Вскоре нам с Иваном надоело лягаться под столом, и мы навалились на яства, которые беспрерывно заказывал ветврач. Не пропадать же им, в самом деле!

— Я ваш благодетель! — кричал Вацлав, тараща на нас слипающиеся глаза. — Я хозяин города, если хотите знать Скоро в моей организации будет сто человек! Двести! Пятьсот! Захочу — каждый день буду по сто граммов пить и яичницей закусывать!

Из ресторана мы шли пешком, так как даже на трамвай у нас не было денег. «Хозяин города» норовил уснуть на каждой встречной скамейке.

Ждать, пока Вацлав опять достанет денег, не имело смысла, тем более что все равно это событие пришлось бы отмечать в ресторане.

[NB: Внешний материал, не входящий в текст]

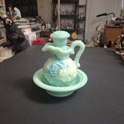 Avon "Victoriana" Jadeite Green Slag Glass Marbled Teal & White, Victorian Rose Motif Pitcher And Bowl Set Vintage 70's & 80's $20Fort Lauderdale, FL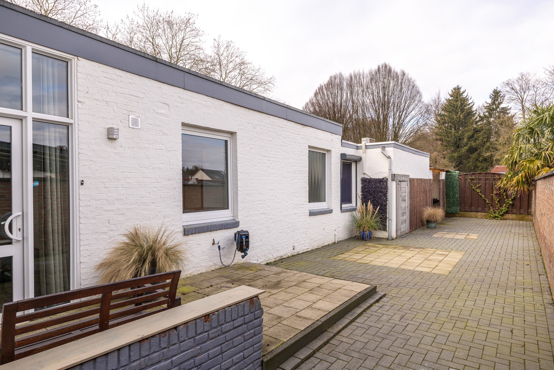 Bij de onderwoning hoort een berging, voorzien van verlichting en elektra, ideaal voor extra opslag. Daarnaast is er een bergkelder, die wordt gedeeld met de bovenwoning en geschikt is voor het opbergen van voorraad of overige spullen. De tuin is volledig bestraat en onderhoudsvriendelijk aangelegd. Achterin bevindt zich een overkapping met licht doorlatende dakplaten, waar je beschut en in alle privacy kunt zitten. Een fijne buitenruimte met voldoende plaats voor een loungehoek en barbecue.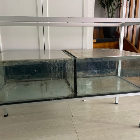Utæt Akvarie 106L flænge i bunden: mål 70 cm lang højde 41 cm dubde 37 cm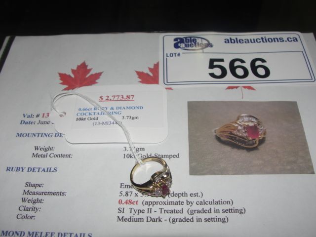 10KT GOLD 0.66CARAT RUBY AND DIAMOND COCKTAIL RING APPRAISED VALUE $2773.87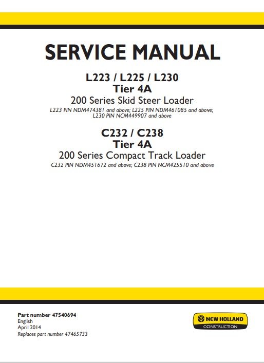 The New Holland 200 Series Skid Steer Loader Service Repair Manual is an essential resource for maintaining and repairing your equipment efficiently. This comprehensive guide provides detailed instructions, diagrams, and troubleshooting tips to ensure optimal performance and longevity of your skid steer loader. With clear, step-by-step procedures, you can confidently tackle repairs and maintenance tasks, saving time and reducing downtime. Invest in this manual to enhance your operational efficiency and keep your machinery running smoothly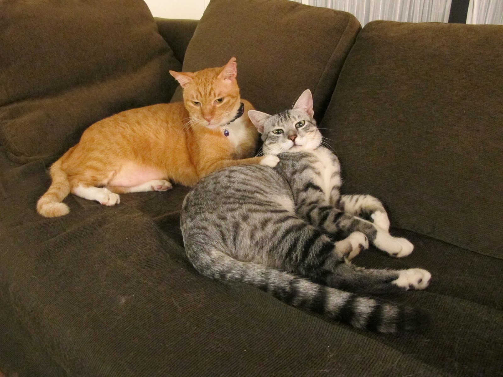 轉頭便看到真實的貓咪們在沙發上躺得舒舒服服,訓練有數的牠們對鏡頭好像頗敏感。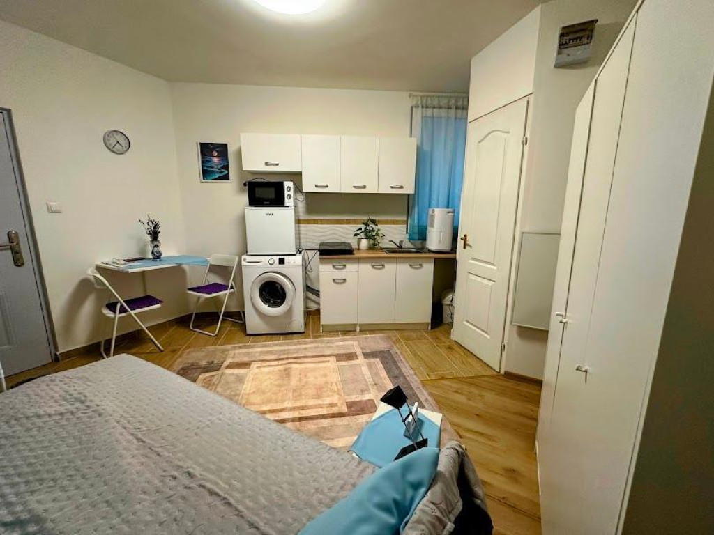 Az ingatlan teljesen felszerelt, így valóban csak költözni kell: modern konyhai gépek, köztük elektromos főzőlap, mikrohullámú sütő és hűtőszekrény, valamint mosógép is rendelkezésre áll. A fűtést elektromos panel biztosítja, a melegvízről bojler gondoskodik, a saját mérőóráknak köszönhetően pedig pontosan követhető a fogyasztás.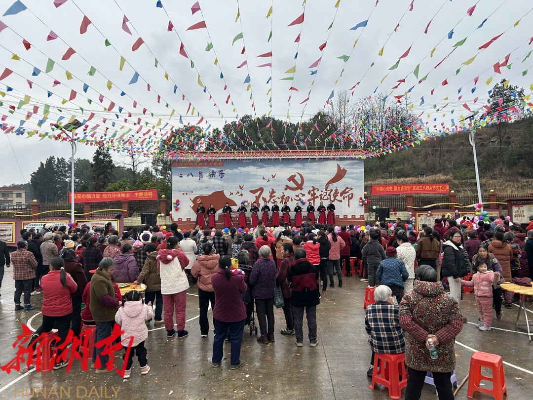 新洞口客户端3月8日讯(记者:王颖蓓 胡海鹏) 为庆祝“三八”国际劳动妇女节,3月8日,竹市镇安南村举办以“巾帼心向党 聚力谱芳华”为主题的文艺演出活动,节目内容丰富、形式多样,充分展现了新时代农村妇女积极向上的精神风貌。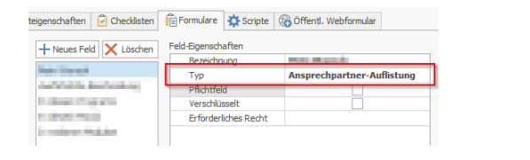 For new form fields, you can choose between the following definitions under "Type":
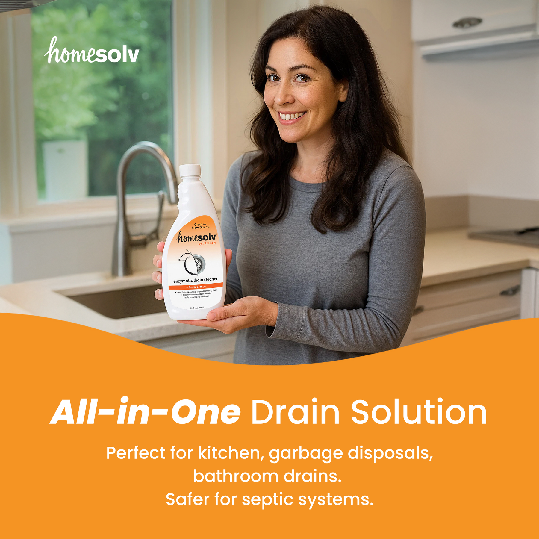 Keep your pipes clean, clear, and fresh with this powerful enzyme drain cleaner for pipes. Whether you're dealing with kitchen clogs or bathroom backups, this formula acts as a reliable kitchen drain cleaner and bathroom drain cleaner in one. The Valencia orange scent leaves behind a fresh, natural fragrance that helps eliminate unpleasant drain odors.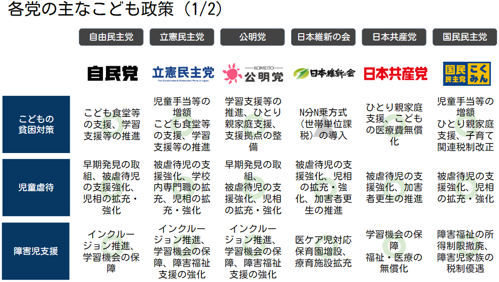 特に、児童虐待や障害児支援、日本版DBS法に関しては、他党と比較しても政策に厚みがあり、具体的な内容が書かれている印象です!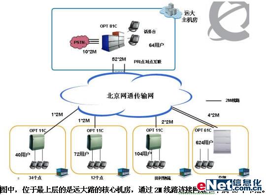 新的網(wǎng)絡建成以遠大路中心機房為核心的星形網(wǎng)絡,租用北京網(wǎng)通2M專線的方式同各個門市店連接。各個門市店設立了自己的程控交換機,并通過E1中繼方式和核心機房實現(xiàn)全網(wǎng)互聯(lián)。在此方案中,所有的市話呼入和呼出都通過核心節(jié)點同網(wǎng)通之間的中繼通道,從而實現(xiàn)大中電器內(nèi)部話音通訊的統(tǒng)一編號方案、統(tǒng)一撥號規(guī)則、統(tǒng)一維護和管理;并對外公布公開和便于記憶的號碼,以配合網(wǎng)點的促銷活動,以及未來客戶服務等應用的擴展。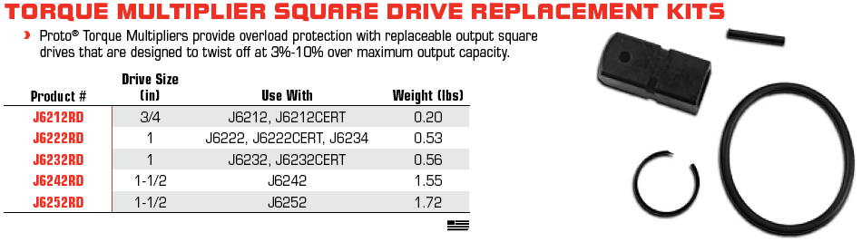 Cờ lê nhân lực Proto J6212, Proto Multiplier torque wrench J6212 chuyên dùng để siết lực chính xác các loại bulong, đai ốc trong công nghiệp lắp. Có dải lực: 200 - 1.200 ft.lbs (271 - 1.626 N.m), hệ số nhân: 6 : 1, cỡ khẩu vào: 1/2", cỡ khẩu ra: 3/4".
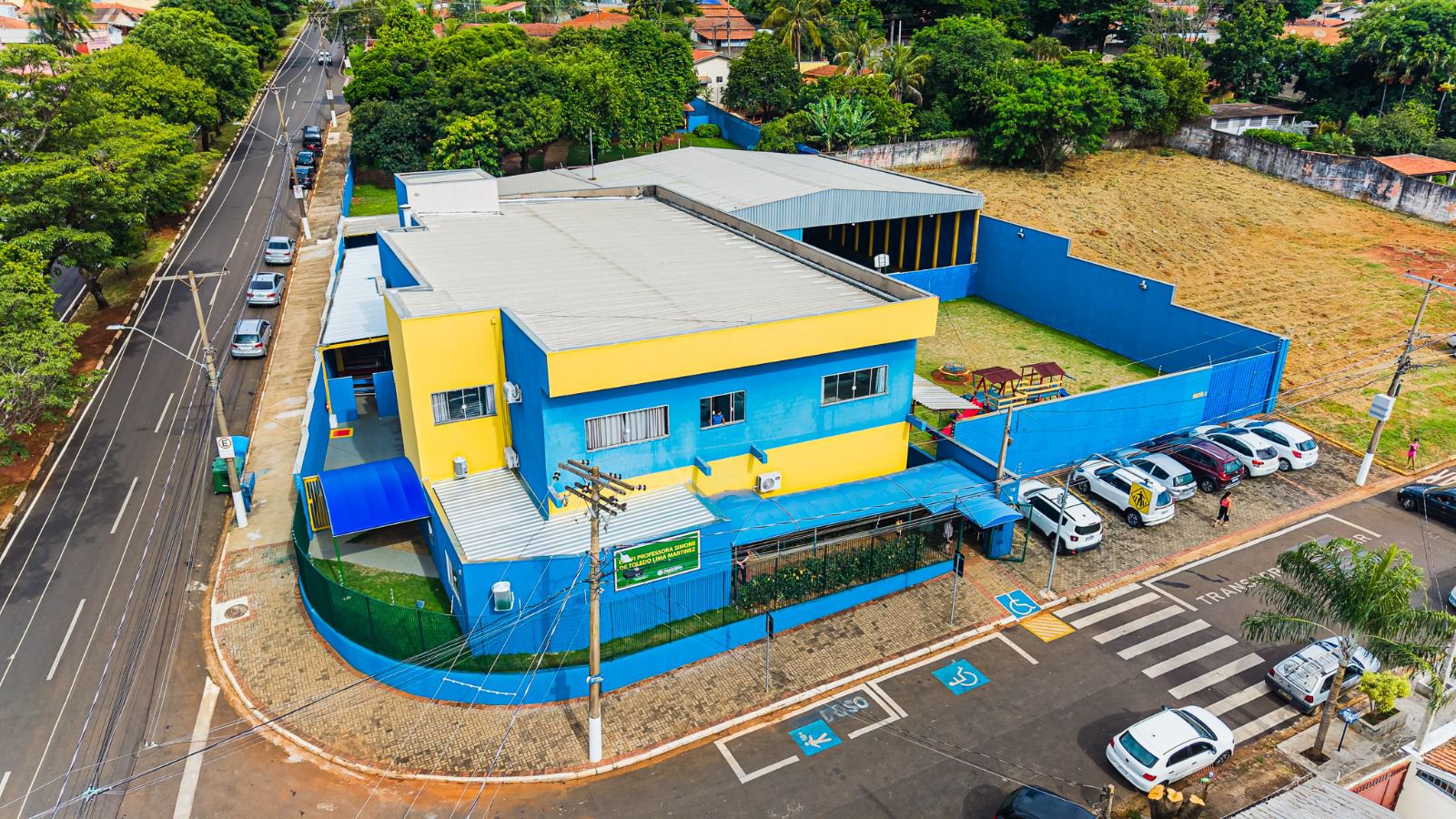 A nova unidade conta com área verde, quadra poliesportiva coberta, playground, acessibilidade, auditório, espaço administrativo, refeitório, 18 salas de aulas, laboratório e 100% climatizada.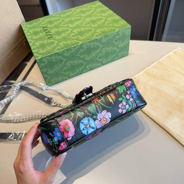 升级版全套包装!原版飞机盒折叠礼盒gucci 新款花卉marmont系列~链条包高端货!各大明星追捧的爆款~采用最好的五金配件!经典logo!原版牛皮面料~顶级做工!堪比专柜品质 Size:中号22*12 大号26*15
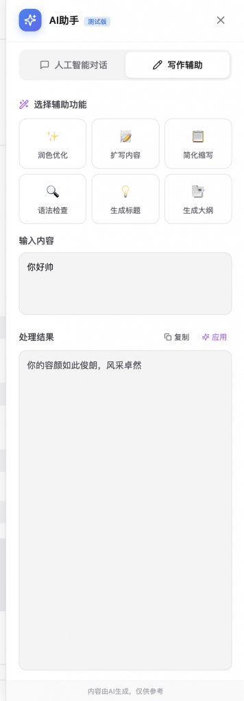 - 两个 Tab:人工智能对话 / 写作辅助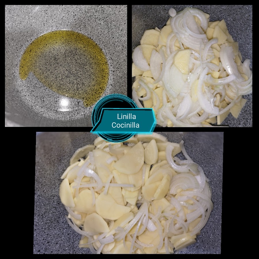 1. Preparamos los ingredientes. Pelamos y cortamos las patatas al igual que la cebolla.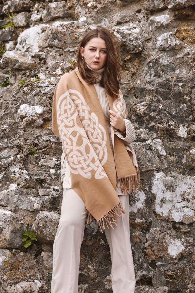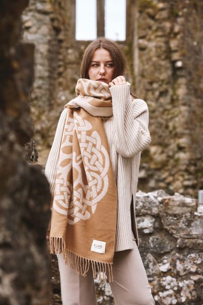 Celtic Super Soft Jacquard Scarf - Tree of Life - Camel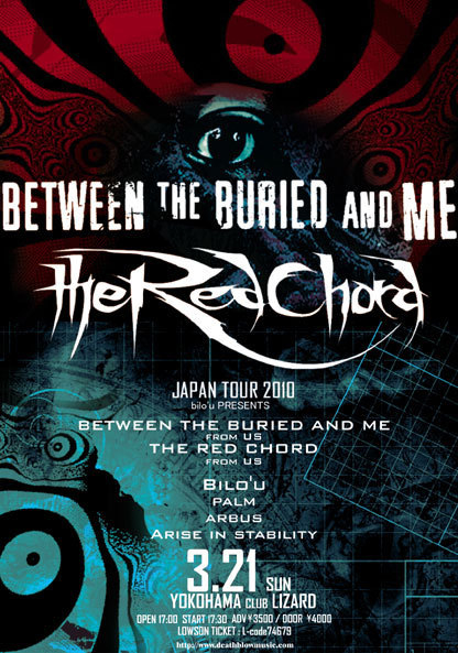 ・ Between the buried and me(From US) ・ The red chord(From US) ・ bilo'u ・ Palm ・ Arise in stability ・ Arbus ---------------------------------------------------------- Open/Start 17:00/17:30 Adv \3500/Door \4000 ローソンチケット:Lコード 74679 ---------------------------------------------------------- INFOMATION -- bilo'u -- http://sound.jp/below http://mixi.jp/view_community.pl?id=3166627 be-low@hotmail.co.jp -- DEATH BLOW MUSIC -- http://www.deathblowmusic.com -- Yokohama Club Lizard -- 横浜市中区山下町31 ミヨシビルB1F 045-663-4755 http://www.fad-music.com/club_lizard ---------------------------------------------------------- !!!!! The Red Chordr/Between The Buried And Me Japan Tour!!!!!

Я решил временно устроиться куда-нибудь, чтобы заработать на билет. Ветврач выслушал меня восторженно.

— Правильное решение, — хлопнул он меня по плечу. — Будем трудиться вместе. Мы тебя тут уст роим так, что никто никогда не докопается. Хочешь к нам в канализацию?

Я замялся. Кобзиков обиделся.

— В нашем обществе любой труд не позорен. Не место красит человека, а человек — место. Граждане СССР имеют право на любой труд. Не имей сто рублей, а имей сто друзей. Работа не волк — в лес не убежит. Впрочем, это уже не туда.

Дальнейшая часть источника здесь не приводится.